**Task instructions**
Write out every line exactly, from the start of the records below to the line with "Tréninkový plyo box", and stop there. Don't write out the pictures.

Records contained in a dataset:
== Segment start ==

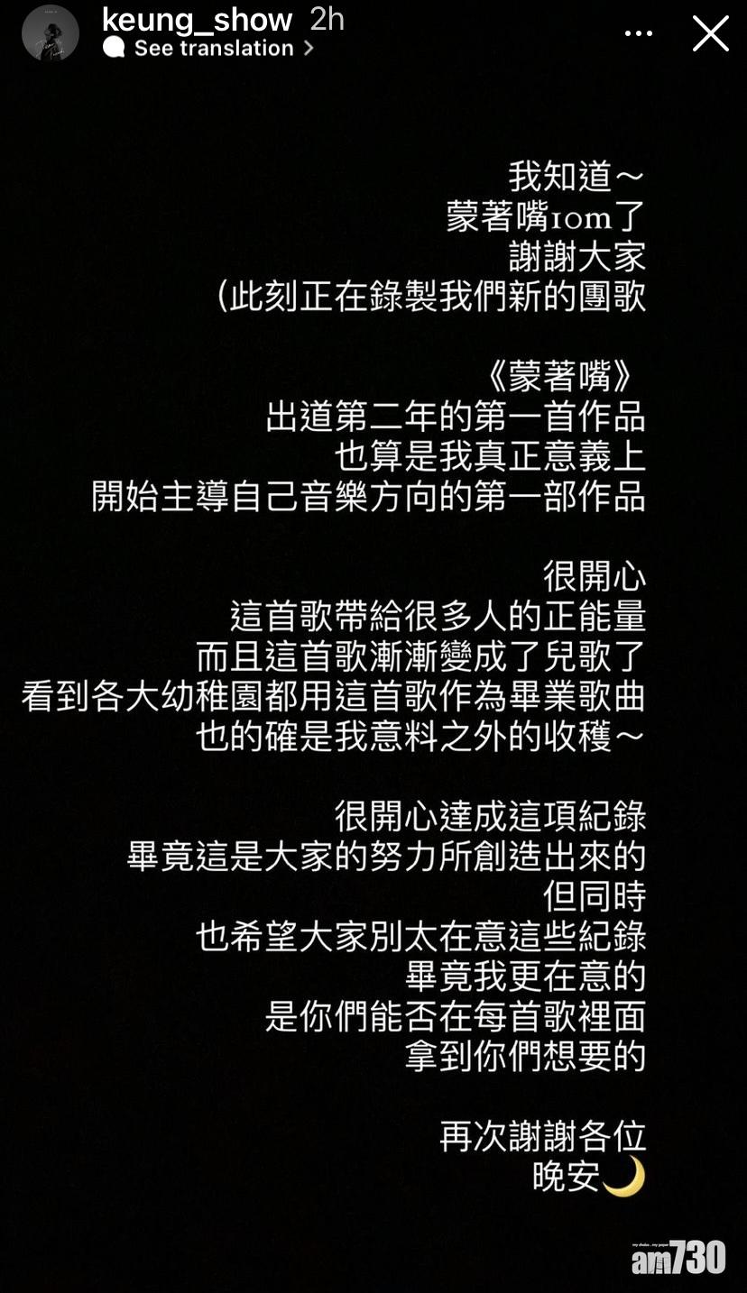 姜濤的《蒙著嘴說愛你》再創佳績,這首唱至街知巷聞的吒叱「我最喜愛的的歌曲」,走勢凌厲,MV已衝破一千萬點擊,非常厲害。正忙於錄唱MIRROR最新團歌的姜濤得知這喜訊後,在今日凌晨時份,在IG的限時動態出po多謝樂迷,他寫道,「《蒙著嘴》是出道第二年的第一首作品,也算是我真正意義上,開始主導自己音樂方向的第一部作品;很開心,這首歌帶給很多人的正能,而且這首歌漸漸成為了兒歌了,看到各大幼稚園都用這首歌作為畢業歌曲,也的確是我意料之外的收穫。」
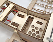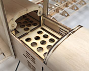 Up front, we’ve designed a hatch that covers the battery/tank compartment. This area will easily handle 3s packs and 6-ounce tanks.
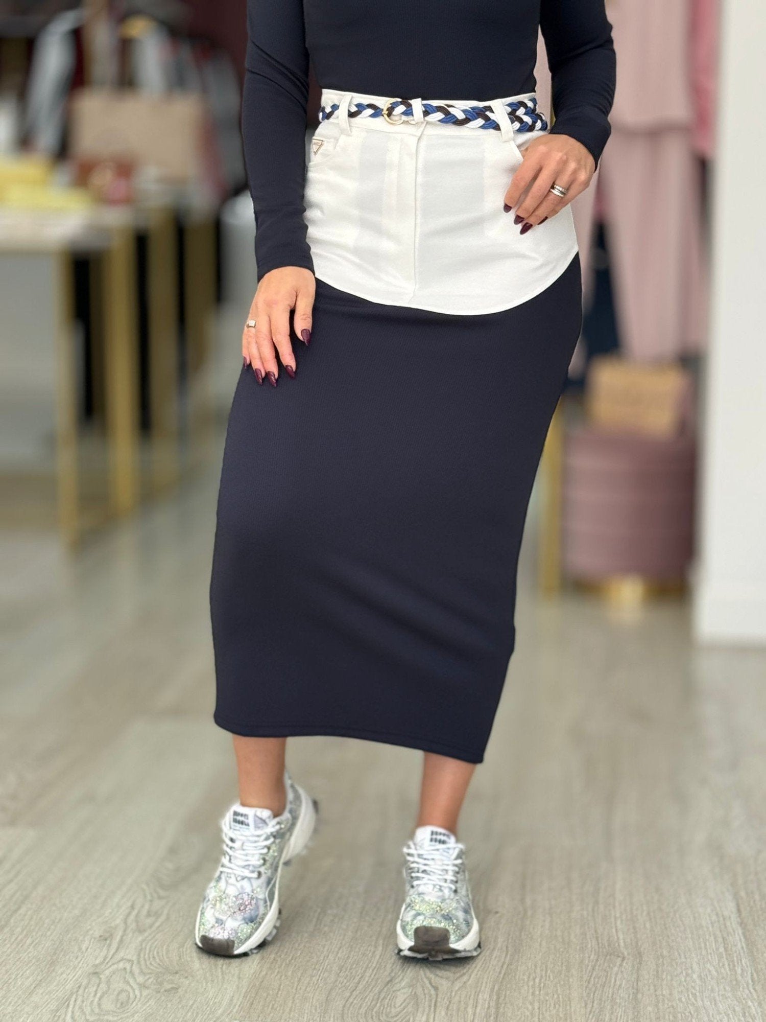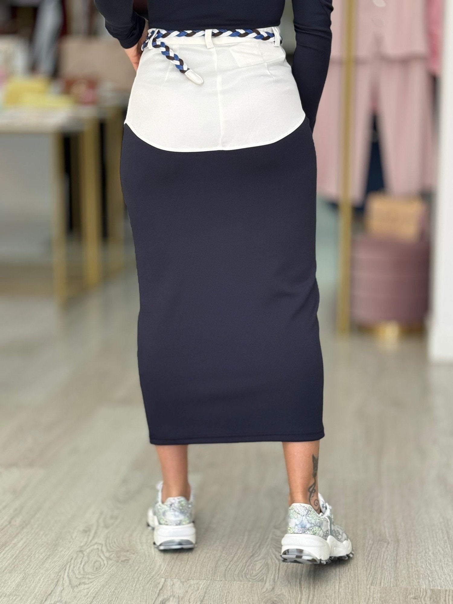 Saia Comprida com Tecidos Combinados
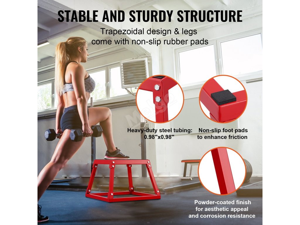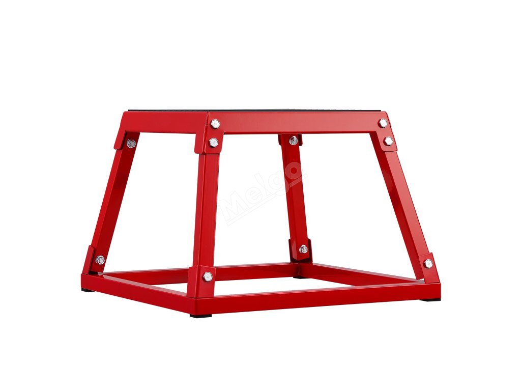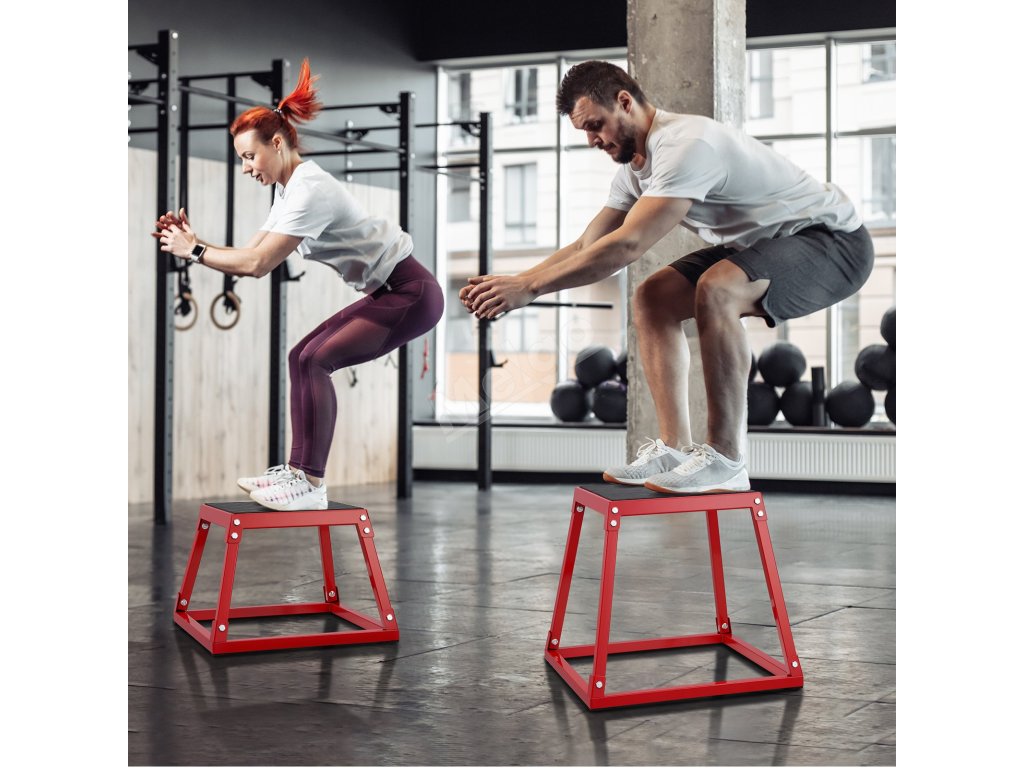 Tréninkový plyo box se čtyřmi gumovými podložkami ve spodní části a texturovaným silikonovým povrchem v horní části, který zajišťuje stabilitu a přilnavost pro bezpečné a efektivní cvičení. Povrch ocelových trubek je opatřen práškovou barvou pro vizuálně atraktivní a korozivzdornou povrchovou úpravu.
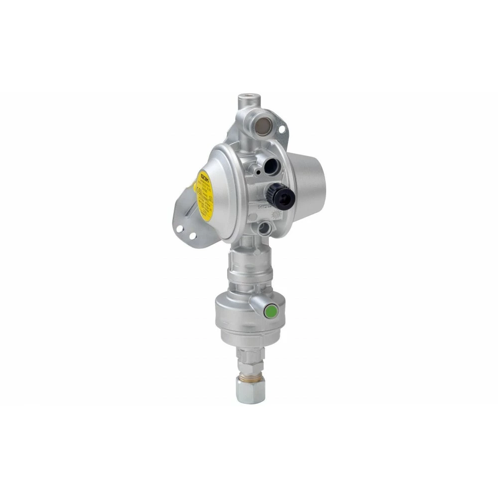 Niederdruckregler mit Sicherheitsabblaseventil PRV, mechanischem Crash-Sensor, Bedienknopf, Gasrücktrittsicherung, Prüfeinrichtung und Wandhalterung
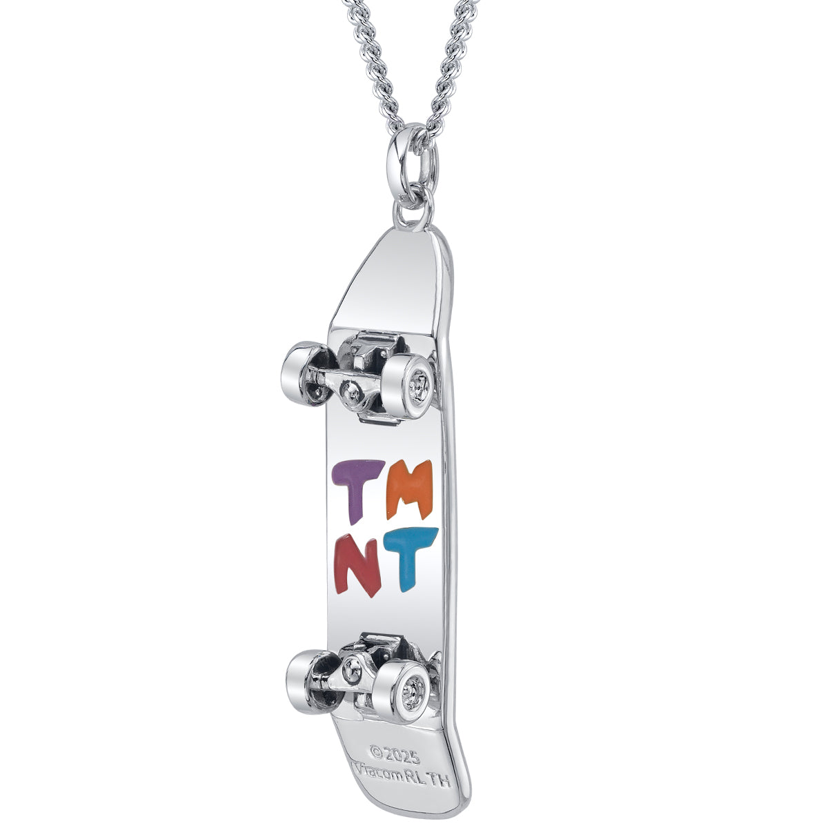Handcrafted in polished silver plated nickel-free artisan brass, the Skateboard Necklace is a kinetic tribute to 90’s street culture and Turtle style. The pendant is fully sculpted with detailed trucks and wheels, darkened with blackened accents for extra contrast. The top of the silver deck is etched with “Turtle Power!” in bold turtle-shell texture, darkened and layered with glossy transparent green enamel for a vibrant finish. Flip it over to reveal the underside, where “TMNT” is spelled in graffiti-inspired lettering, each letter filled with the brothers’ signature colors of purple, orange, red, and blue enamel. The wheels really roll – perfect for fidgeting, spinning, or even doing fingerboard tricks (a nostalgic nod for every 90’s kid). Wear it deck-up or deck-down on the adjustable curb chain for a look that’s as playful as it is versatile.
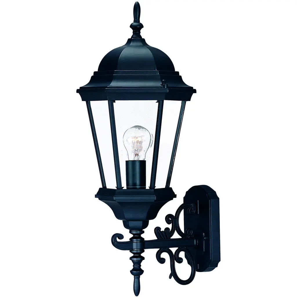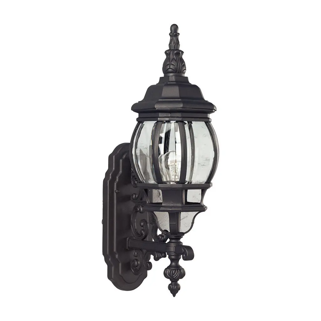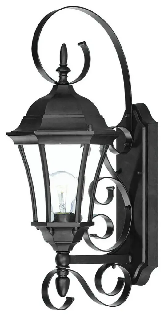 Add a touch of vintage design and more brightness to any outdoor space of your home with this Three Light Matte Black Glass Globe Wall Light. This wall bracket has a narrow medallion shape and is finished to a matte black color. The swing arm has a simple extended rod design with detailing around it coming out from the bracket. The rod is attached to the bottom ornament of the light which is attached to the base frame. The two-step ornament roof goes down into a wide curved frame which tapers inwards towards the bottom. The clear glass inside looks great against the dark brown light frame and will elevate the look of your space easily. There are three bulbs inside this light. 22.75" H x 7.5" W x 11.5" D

== Segment end ==

**Result of this exercise**
 姜濤的《蒙著嘴說愛你》再創佳績,這首唱至街知巷聞的吒叱「我最喜愛的的歌曲」,走勢凌厲,MV已衝破一千萬點擊,非常厲害。正忙於錄唱MIRROR最新團歌的姜濤得知這喜訊後,在今日凌晨時份,在IG的限時動態出po多謝樂迷,他寫道,「《蒙著嘴》是出道第二年的第一首作品,也算是我真正意義上,開始主導自己音樂方向的第一部作品;很開心,這首歌帶給很多人的正能,而且這首歌漸漸成為了兒歌了,看到各大幼稚園都用這首歌作為畢業歌曲,也的確是我意料之外的收穫。」
 Up front, we’ve designed a hatch that covers the battery/tank compartment. This area will easily handle 3s packs and 6-ounce tanks.
 Saia Comprida com Tecidos Combinados
 Tréninkový plyo box se čtyřmi gumovými podložkami ve spodní části a texturovaným silikonovým povrchem v horní části, který zajišťuje stabilitu a přilnavost pro bezpečné a efektivní cvičení. Povrch ocelových trubek je opatřen práškovou barvou pro vizuálně atraktivní a korozivzdornou povrchovou úpravu.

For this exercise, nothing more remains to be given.